Balance billing occurs when a provider bills a TRICARE beneficiary for the remainder of a bill after TRICARE has paid the allowable charge. Network providers sign a contract to be paid at a negotiated rate, while non-network providers who accept assignment, also known as participating non-network providers, agree to accept the TRICARE allowable charge as payment in full.

Network providers and participating non-network providers are prohibited from balance billing.

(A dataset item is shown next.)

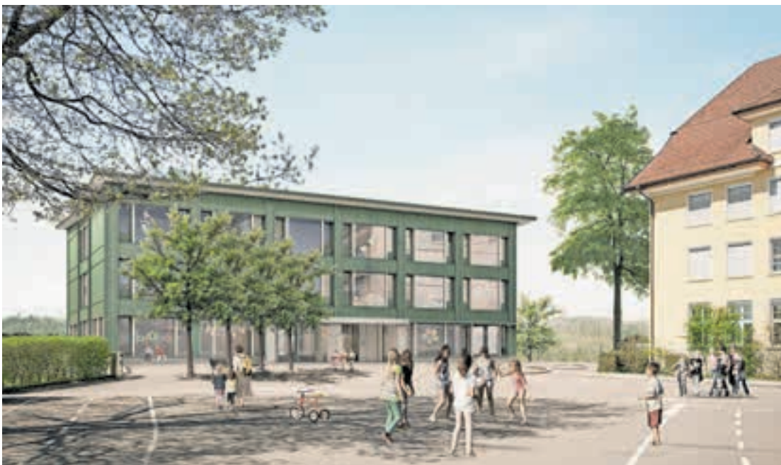
Um den Schulhof gruppieren sich die Schulhäuser: der Neubau Trakt C (links), das 1923 erbaute Hauptgebäude Trakt A (rechts) und, nicht auf der Visualisierung zu sehen, der Ergänzungsbau Trakt B.

Die Schule Littau Dorf ist seit 2014 eine sogenannte Sozialraumorientierte Schule (SORS-Schule). Nach diesem Prinzip ist die Schule als Begegnungszentrum und als Ausgangspunkt vieler Bildungs-, Betreuungs-, Freizeit- und Kulturangebote zu verstehen.

What if a TRICARE beneficiary also has other health insurance (OHI)?
When OHI is involved, network and participating non-network providers may receive no more than the TRICARE allowable charge through payment by the other health insurer and TRICARE combined. Network providers are required to accept the negotiated rate as payment in full. Participating non-network providers may not collect any amount from a beneficiary after payment of the claim unless TRICARE and the OHI combined have failed to pay the allowable charge. Non-network providers who do not participate in TRICARE, but do participate in OHI, may receive TRICARE payment up to the OHI allowable charge. If the provider does not participate in TRICARE and the OHI, then the provider may bill 115 percent of the TRICARE allowable charge.

What charges are beneficiaries required to pay?

Beneficiary charges appear in the “deductible” or “cost-share” column on the TRICARE Summary Payment Voucher or remittance. Additionally, non-covered services may be billed to the beneficiary only if the beneficiary has agreed in advance and in writing to pay for those services.

TRICARE Prime beneficiaries are only responsible for a copayment when receiving primary, emergency, referred or prior authorized care regardless of whether the provider is network or non-network.

Note: Active duty service members (ADSMs) and their family members enrolled in TRICARE Prime and TRICARE Prime Remote (TPR)/ TRICARE Prime Remote for Active Duty Family Members (TPRADFM) do not have a copayment, except when using the pharmacy benefit, the point-of-service option or if receiving benefits through the TRICARE Extended Care Health Option (ECHO).

Non-compliance with balance billing requirements may affect your TRICARE and/or Medicare status.